[Supplied data — start]

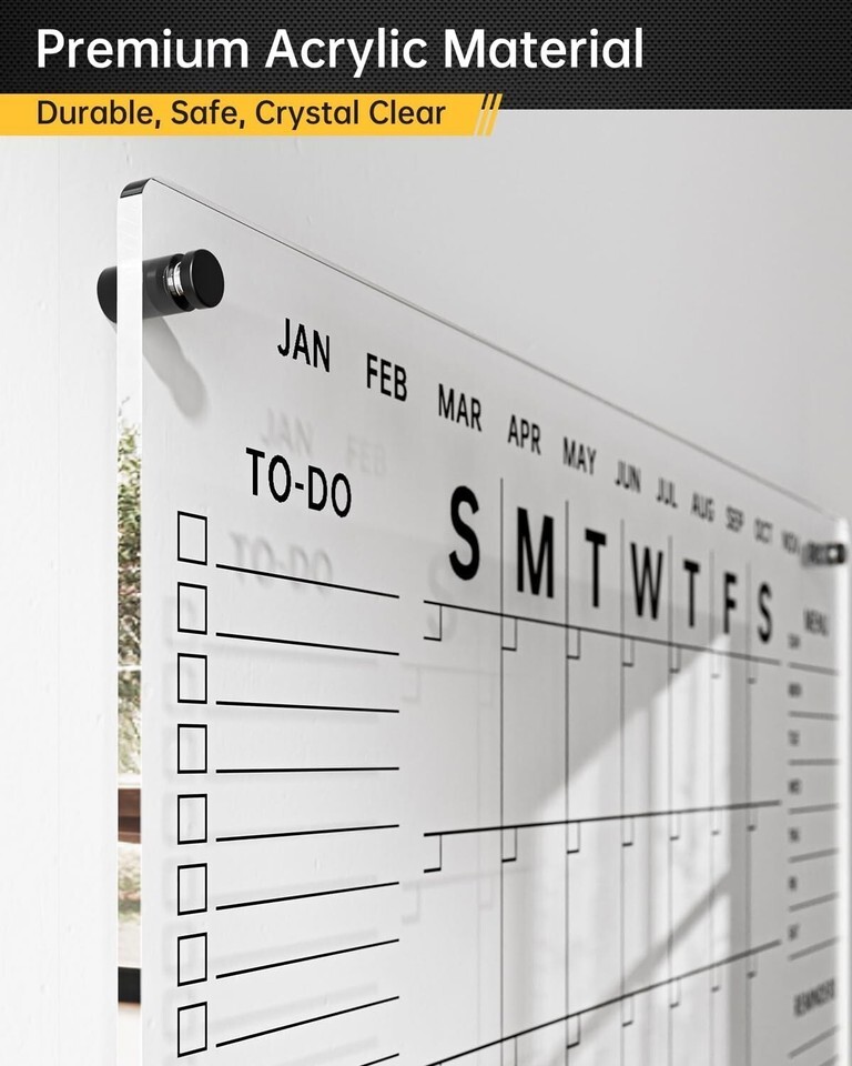 Reusable Sustainable: Reduce waste with our dry-erase acrylic calendar, designed for repeated use-just write, erase, and plan again!
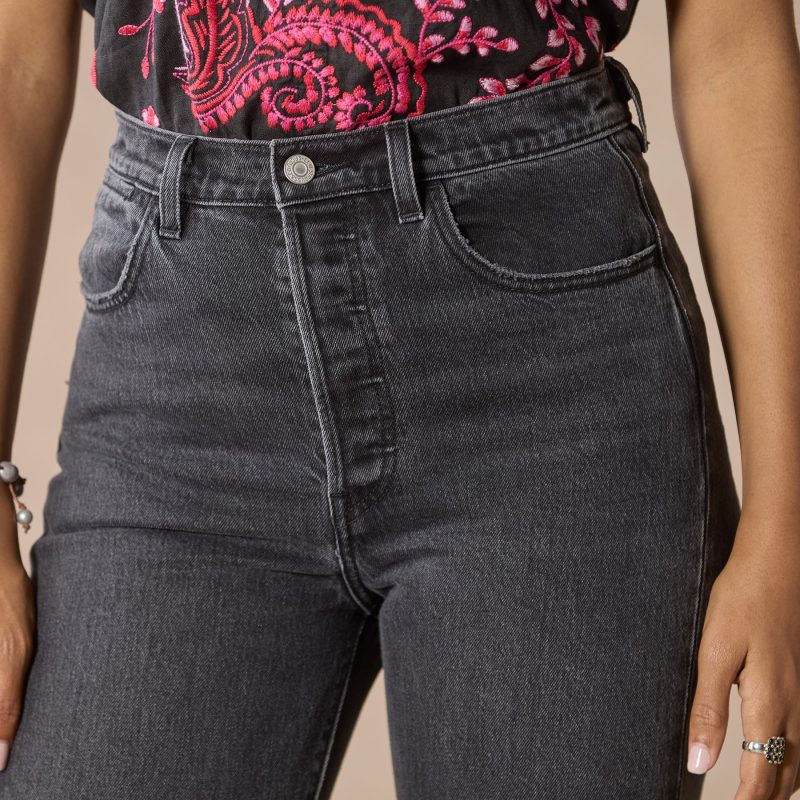 These jeans boast a flattering. hip-slimming. waist-defining. straight leg silhouette with a classic five-pocket design. Cotton/elastane. Machine wash. Imported. Sizes 24?C32. 27 inseam. 12 rise. 16 leg opening.
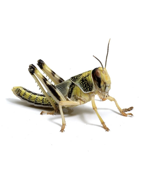 Wüstenheuschrecken mittel (Schistocerca gregaria) haben sich in den letzten Jahren vom Geheimtipp zum beliebten Hauptfuttertier entwickelt. In ihren Eigenschaften ähneln sie den bekannten Ägyptischen Wanderheuschrecken, sind jedoch etwas größer und deutlich farbenfroher.
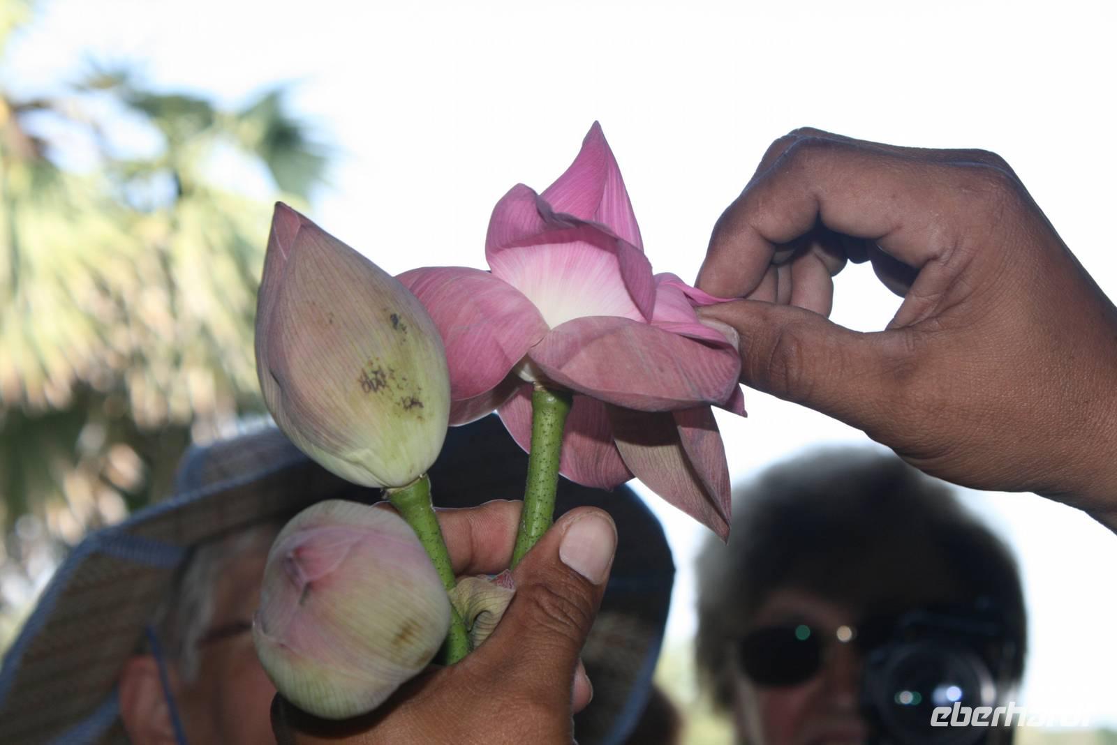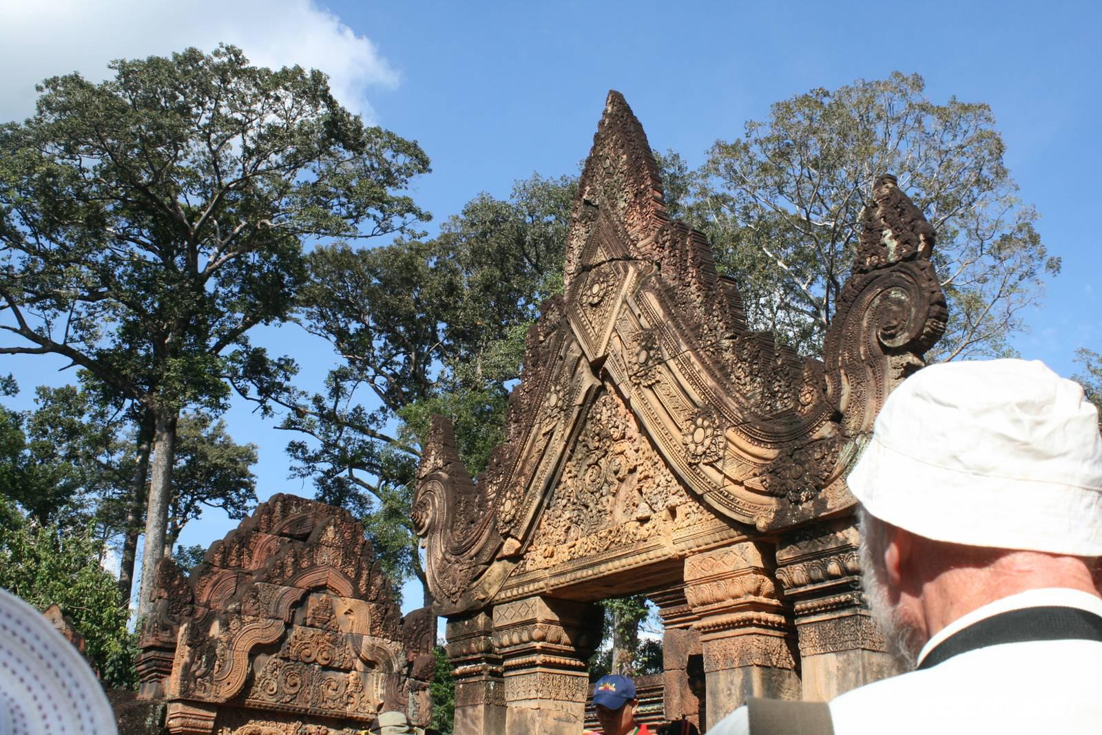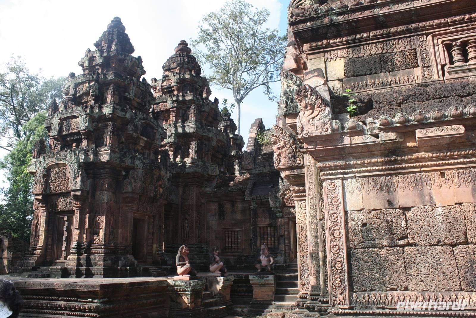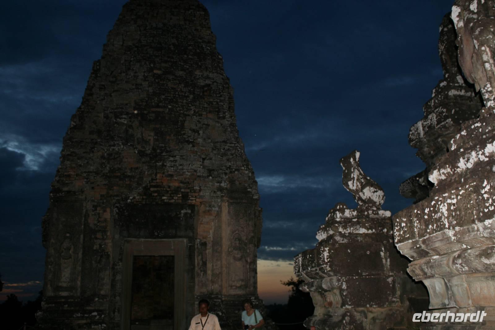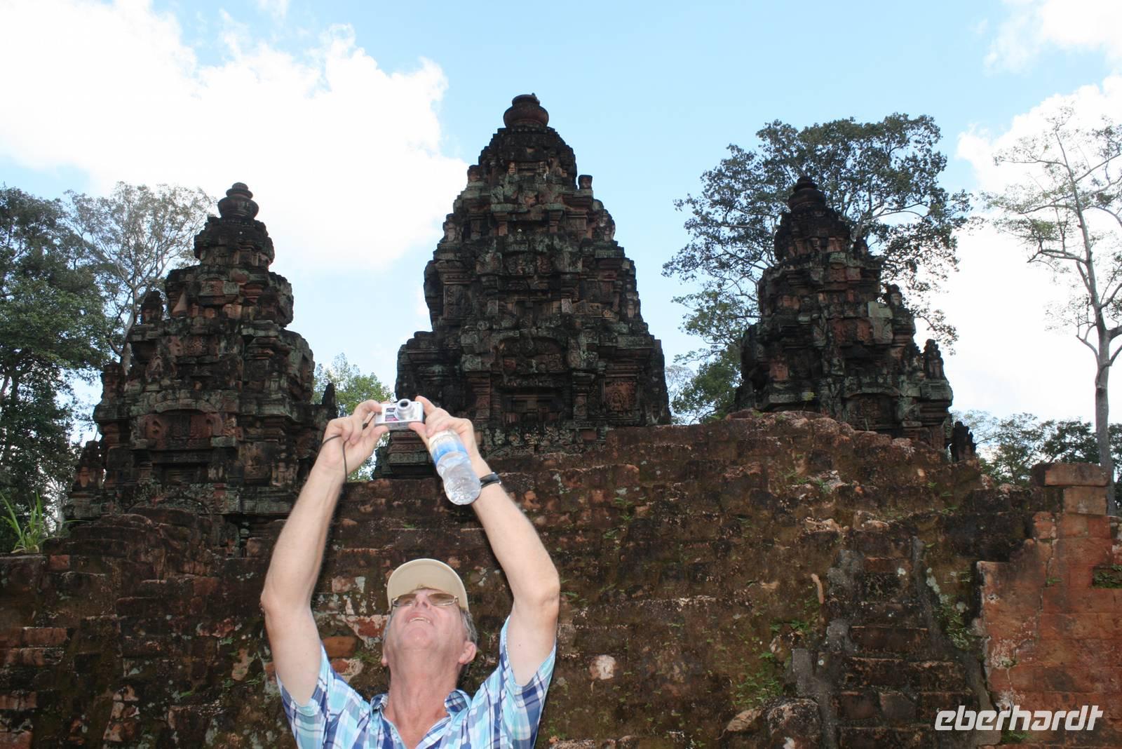Heute stand der berühmte Dschungeltempel Ta Prohm auf unserem Programm. Die Tempelanlage war vom Dschungel völlig überwuchert und wurde so erst ca. 600 Jahre nach ihrer Entstehung von Europäern entdeckt. Überdimensionale Baumwurzeln verschlingen sich mit den wuchtigen Steinmauern und halten diese fest umschlungen, damit sie nicht auseinander fallen. Einfach beeindruckend, unsere Fotoapparate klickten im Dauertakt. Im Sekundentakt strömten dann auch die Touristen in die Anlage. Im Gedränge ging kurzzeitig ein Gast verloren, der aber nach eigenen Entdeckungen wieder wohlbehalten zur Gruppe fand. Übrigens: Wußten Sie schon, dass der Tempel als Kulisse im Tomb Raider Kinohit "Lara Croft" mit Angelina Jolie diente! Anschließend fuhren wir mit dem Bus ca. 30 km zu einem der schönsten Tempelanlagen Banteay Srei, auch Frauentempel genannt. Er ist zwar einer der kleinsten auf dem Gebiet von Angkor, aber der am reich verziertesten Tempel - ein architektonisches Kleinod. Minh Thol verstand es wieder hervorragend, uns die filigranen Ornamente und Relief im rosa schimmernden Gestein zu erklären. Auf unserem Rückweg besuchten wir noch ein kleines Dorf, dessen Bewohner sich mit der Herstellung von Palmzucker ihren Lebensunterhalt verdienten. Minh Thol war auch hier wieder mit seinen Erklärungen und vollem Körpereinsatz dabei, so dass einige Werkzeuge anschließend repariert werden mußten. In der glänzenden Spätnachmittagssonne verabschiedeten wir uns von den Tempeln und fuhren zum Hotel zurück. Eine winzige Schar war noch nicht der Tempel müde und startete noch einmal in Tuk Tuks nach Angkor, um den Sonnenuntergang auf dem Tempel Pre Rup zu erleben. Trotz Erstürmung der hohen Tempelstufen im Speedy-Gonzales-Tempo war die Sonne doch schneller als wir. Oben waren wir dennoch fasziniert von der mystischen Stimmung und Atmosphäre. Das letzte Abendessen wurde uns im Hotel serviert und es gab mal keine asiatische Küche mit Nudeln, Reis und gebratenem Gemüse. Wir speisten europäisch, um uns langsam wieder an zu Hause zu gewöhnen. Unsere erlebnisreiche Reise war nun fast zu Ende, mit einem Eberhardt-Getränk liessen wir sie noch einmal Revue passieren.
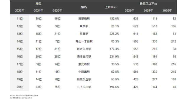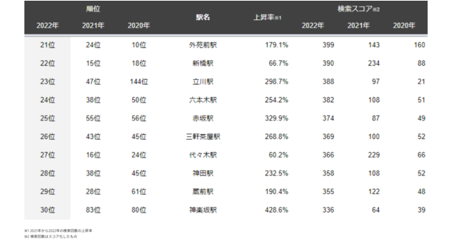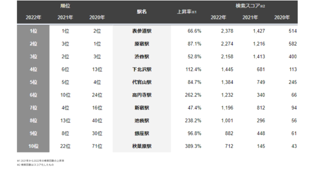 表参道駅、原宿駅、渋谷駅は、2020年の調査開始時から3年連続でトップ3位になります。また、検索スコアの量も4位以降の駅と差の開きも大きく、非常に高い人気を誇っています。
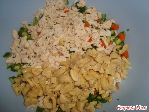 Маринованные шампиньоны, отварную курицу,

[Supplied data — finish]

## Exercise details
Only the lines from the one containing "表参道駅、原宿駅、渋谷駅は、" through the end of the records are wanted, set down exactly and without their pictures.

## Task solution
 表参道駅、原宿駅、渋谷駅は、2020年の調査開始時から3年連続でトップ3位になります。また、検索スコアの量も4位以降の駅と差の開きも大きく、非常に高い人気を誇っています。
 Маринованные шампиньоны, отварную курицу,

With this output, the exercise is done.